## [Task goal]
No pictures belong in the copy. Retype exactly, and only, the stretch of lines below from the one with "Wadfow WTC1K05 185mm" through the one with "Data + Compute".

(Records from a dataset)

------------------------------------

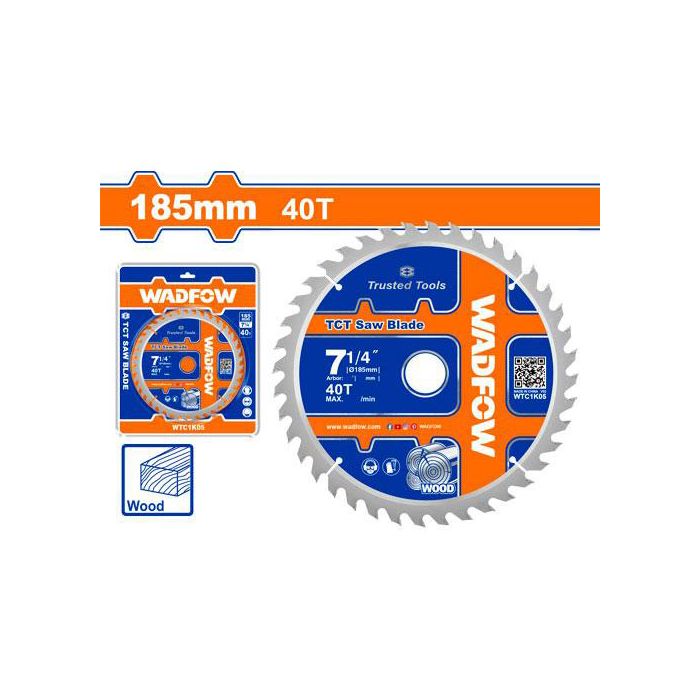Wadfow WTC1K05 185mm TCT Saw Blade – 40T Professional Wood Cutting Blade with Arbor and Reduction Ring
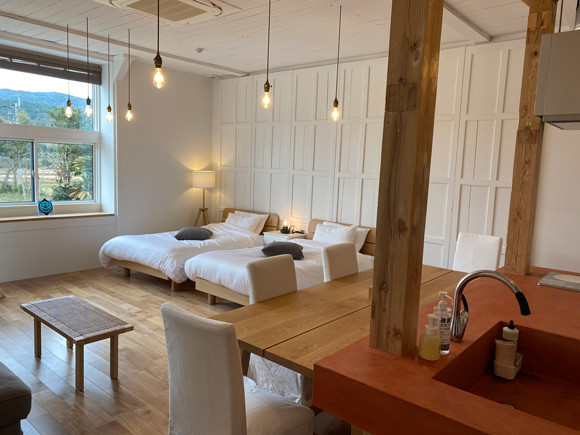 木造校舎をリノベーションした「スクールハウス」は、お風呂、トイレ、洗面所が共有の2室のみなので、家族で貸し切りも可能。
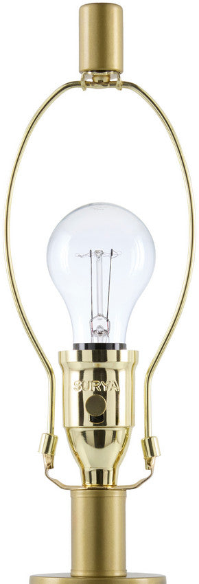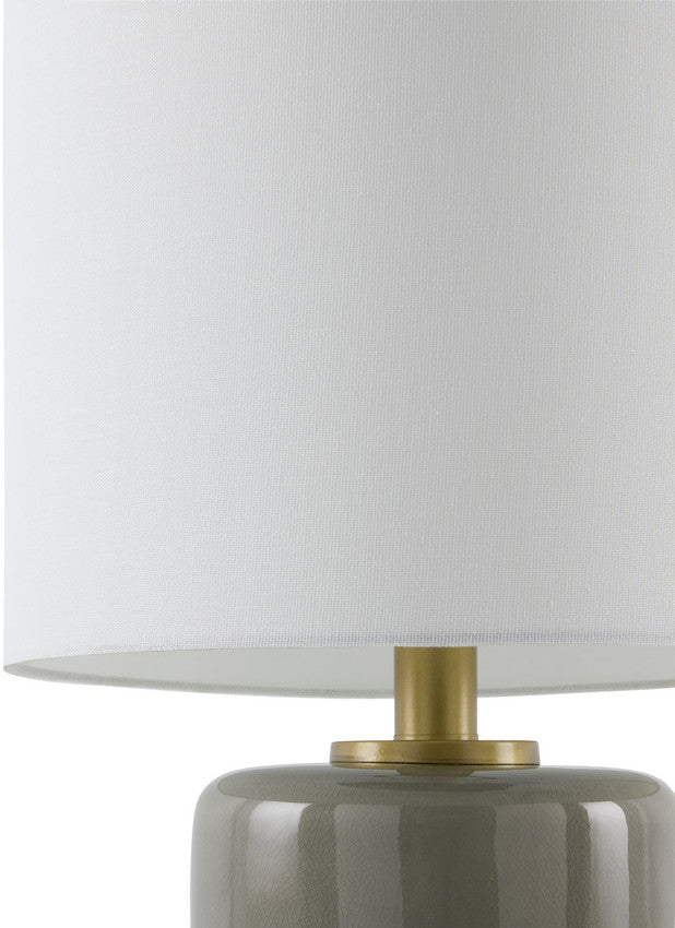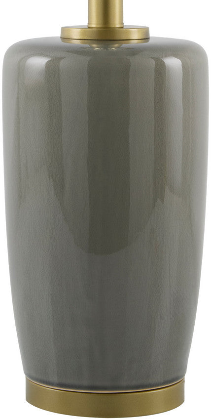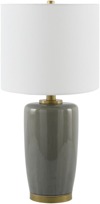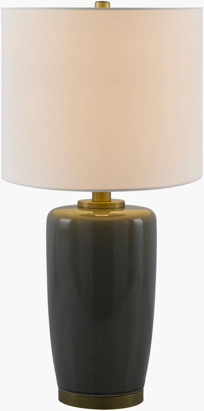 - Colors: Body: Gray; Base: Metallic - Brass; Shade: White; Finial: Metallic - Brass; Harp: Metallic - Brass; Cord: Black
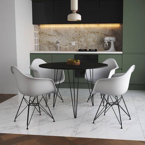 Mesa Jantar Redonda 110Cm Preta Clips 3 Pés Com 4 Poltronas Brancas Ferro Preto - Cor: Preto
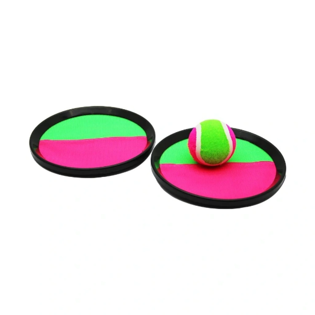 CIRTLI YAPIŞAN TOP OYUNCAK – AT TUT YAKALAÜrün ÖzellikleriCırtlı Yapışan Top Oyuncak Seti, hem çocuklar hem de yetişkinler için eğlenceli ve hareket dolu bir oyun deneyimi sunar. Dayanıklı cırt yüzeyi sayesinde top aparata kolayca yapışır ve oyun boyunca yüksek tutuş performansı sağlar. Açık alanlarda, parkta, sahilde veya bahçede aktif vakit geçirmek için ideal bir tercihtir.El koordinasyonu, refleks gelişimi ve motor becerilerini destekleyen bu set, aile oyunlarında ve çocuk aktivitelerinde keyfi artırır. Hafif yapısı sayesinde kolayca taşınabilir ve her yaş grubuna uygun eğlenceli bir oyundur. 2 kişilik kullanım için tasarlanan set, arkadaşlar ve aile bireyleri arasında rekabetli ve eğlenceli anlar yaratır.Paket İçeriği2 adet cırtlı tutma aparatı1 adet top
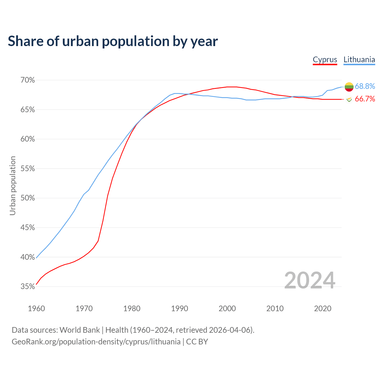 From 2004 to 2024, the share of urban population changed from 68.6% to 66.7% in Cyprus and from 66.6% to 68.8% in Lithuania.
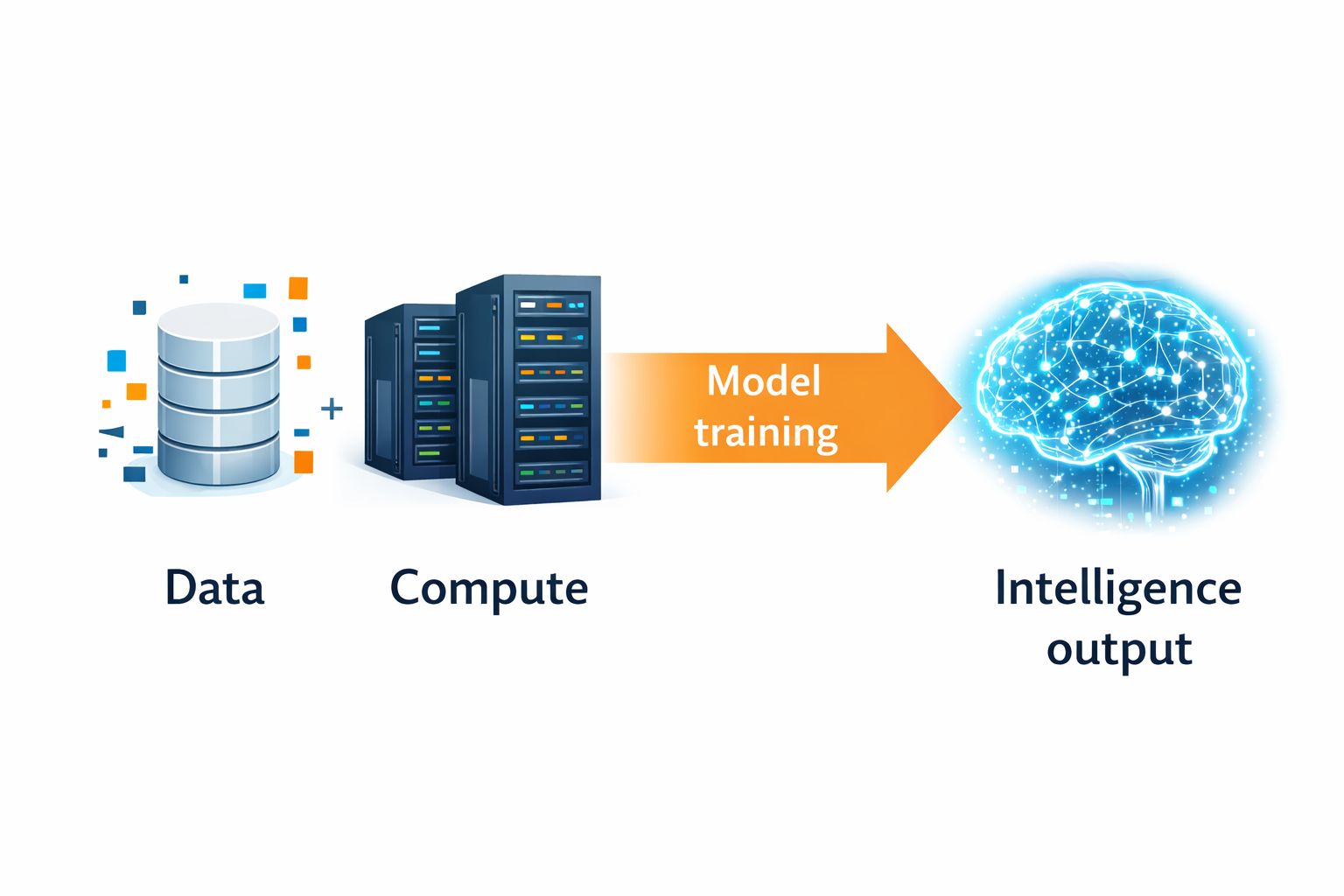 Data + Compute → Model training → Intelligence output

------------------------------------

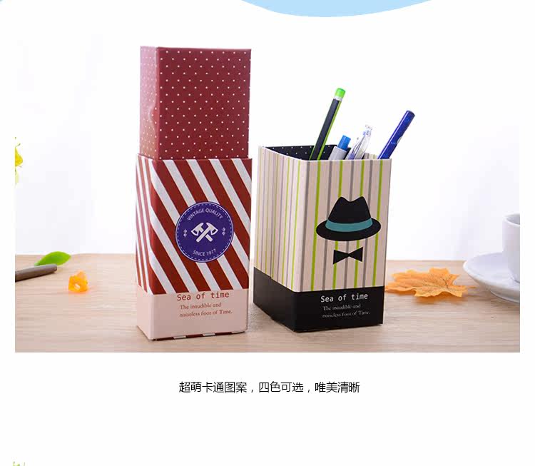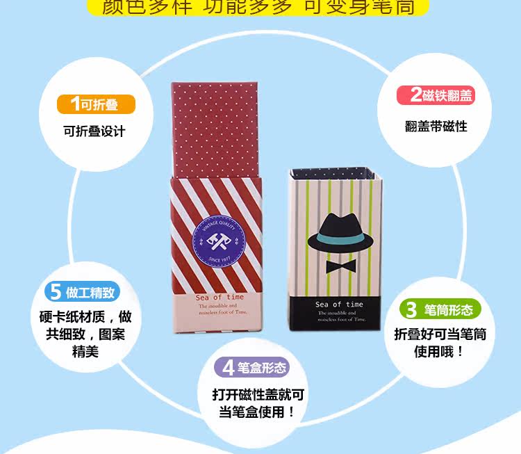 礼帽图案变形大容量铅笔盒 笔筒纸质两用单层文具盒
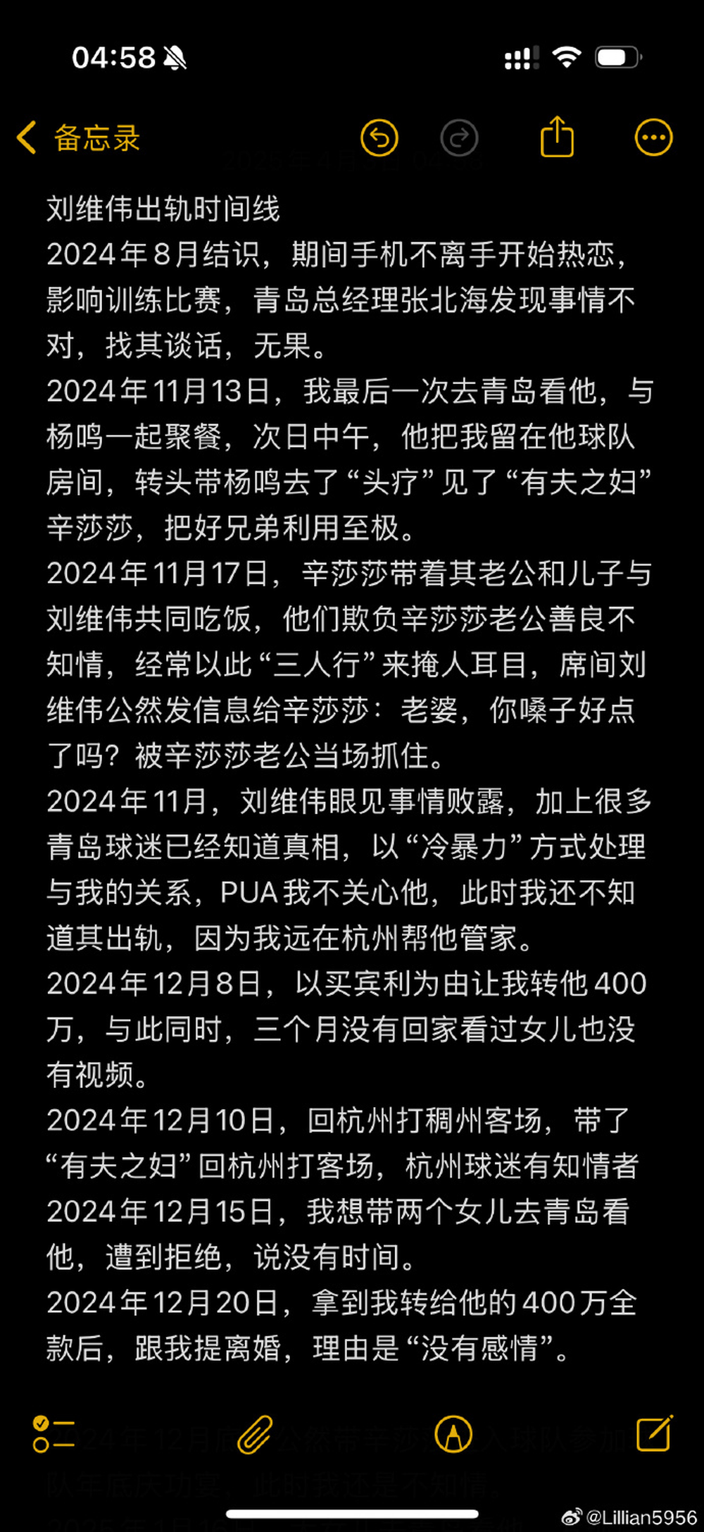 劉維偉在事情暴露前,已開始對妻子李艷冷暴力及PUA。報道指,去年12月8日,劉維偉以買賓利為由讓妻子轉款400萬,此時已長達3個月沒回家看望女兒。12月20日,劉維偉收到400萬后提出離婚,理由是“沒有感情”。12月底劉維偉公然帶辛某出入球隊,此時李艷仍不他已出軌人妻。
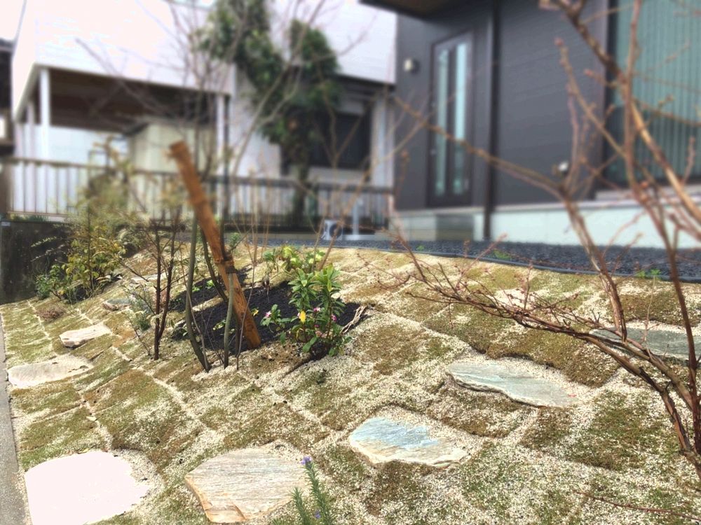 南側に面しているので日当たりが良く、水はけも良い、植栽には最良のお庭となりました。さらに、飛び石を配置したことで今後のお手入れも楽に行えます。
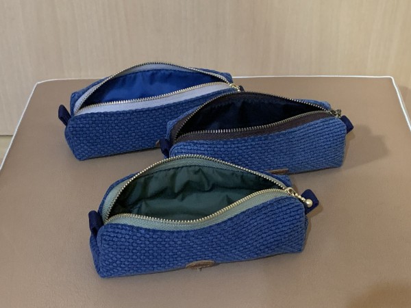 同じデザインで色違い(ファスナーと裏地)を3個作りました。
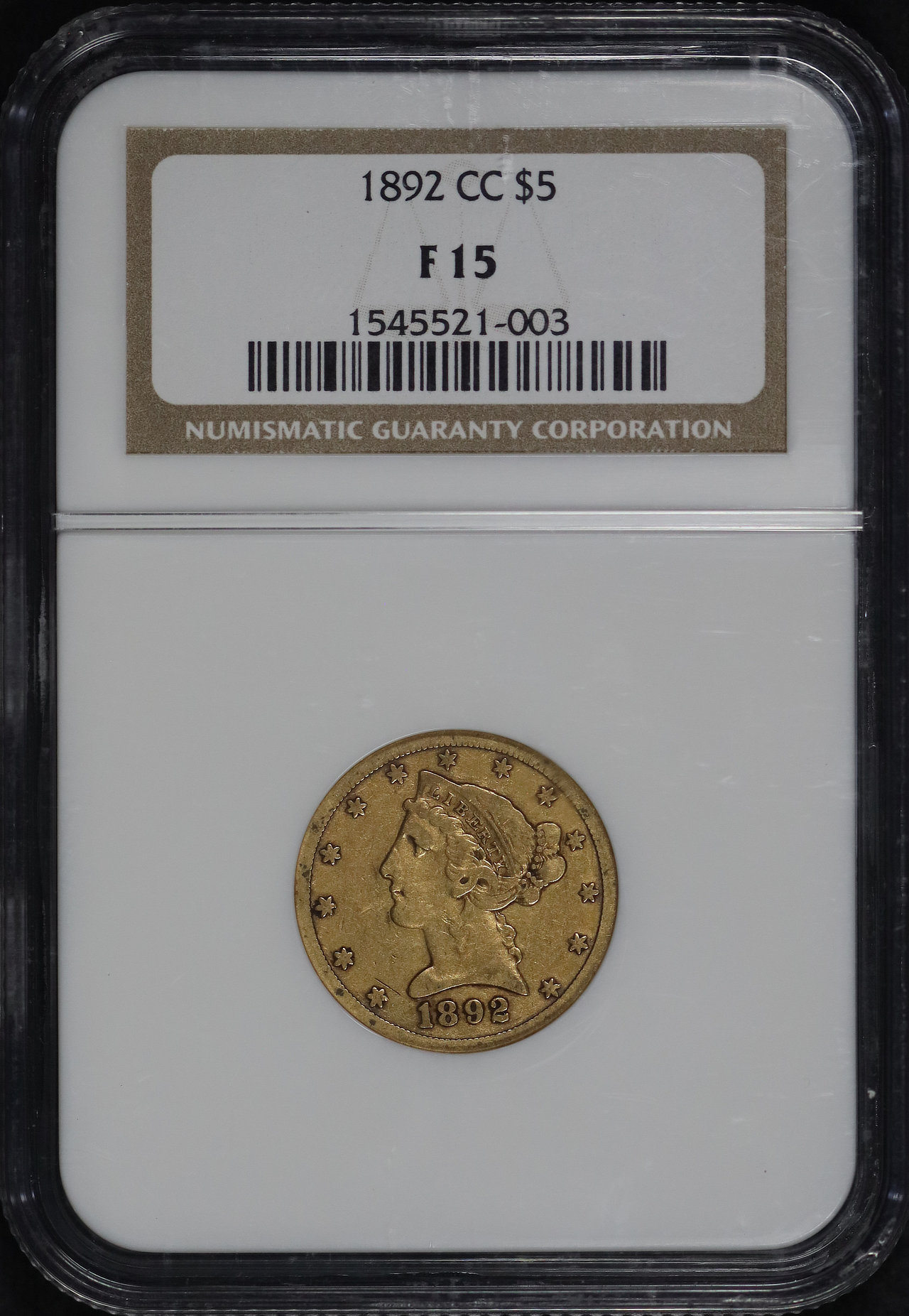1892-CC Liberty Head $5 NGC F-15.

------------------------------------

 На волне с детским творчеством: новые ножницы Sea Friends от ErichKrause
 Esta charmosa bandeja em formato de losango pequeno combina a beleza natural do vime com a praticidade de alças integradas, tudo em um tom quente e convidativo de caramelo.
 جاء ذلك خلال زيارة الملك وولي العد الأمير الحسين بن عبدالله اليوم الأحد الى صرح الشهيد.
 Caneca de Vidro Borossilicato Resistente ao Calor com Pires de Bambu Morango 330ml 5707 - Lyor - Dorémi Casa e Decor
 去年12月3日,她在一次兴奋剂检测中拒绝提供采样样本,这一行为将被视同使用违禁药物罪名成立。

------------------------------------

## [Answer to this problem]
Wadfow WTC1K05 185mm TCT Saw Blade – 40T Professional Wood Cutting Blade with Arbor and Reduction Ring
 木造校舎をリノベーションした「スクールハウス」は、お風呂、トイレ、洗面所が共有の2室のみなので、家族で貸し切りも可能。
 - Colors: Body: Gray; Base: Metallic - Brass; Shade: White; Finial: Metallic - Brass; Harp: Metallic - Brass; Cord: Black
 Mesa Jantar Redonda 110Cm Preta Clips 3 Pés Com 4 Poltronas Brancas Ferro Preto - Cor: Preto
 CIRTLI YAPIŞAN TOP OYUNCAK – AT TUT YAKALAÜrün ÖzellikleriCırtlı Yapışan Top Oyuncak Seti, hem çocuklar hem de yetişkinler için eğlenceli ve hareket dolu bir oyun deneyimi sunar. Dayanıklı cırt yüzeyi sayesinde top aparata kolayca yapışır ve oyun boyunca yüksek tutuş performansı sağlar. Açık alanlarda, parkta, sahilde veya bahçede aktif vakit geçirmek için ideal bir tercihtir.El koordinasyonu, refleks gelişimi ve motor becerilerini destekleyen bu set, aile oyunlarında ve çocuk aktivitelerinde keyfi artırır. Hafif yapısı sayesinde kolayca taşınabilir ve her yaş grubuna uygun eğlenceli bir oyundur. 2 kişilik kullanım için tasarlanan set, arkadaşlar ve aile bireyleri arasında rekabetli ve eğlenceli anlar yaratır.Paket İçeriği2 adet cırtlı tutma aparatı1 adet top
 From 2004 to 2024, the share of urban population changed from 68.6% to 66.7% in Cyprus and from 66.6% to 68.8% in Lithuania.
 Data + Compute → Model training → Intelligence output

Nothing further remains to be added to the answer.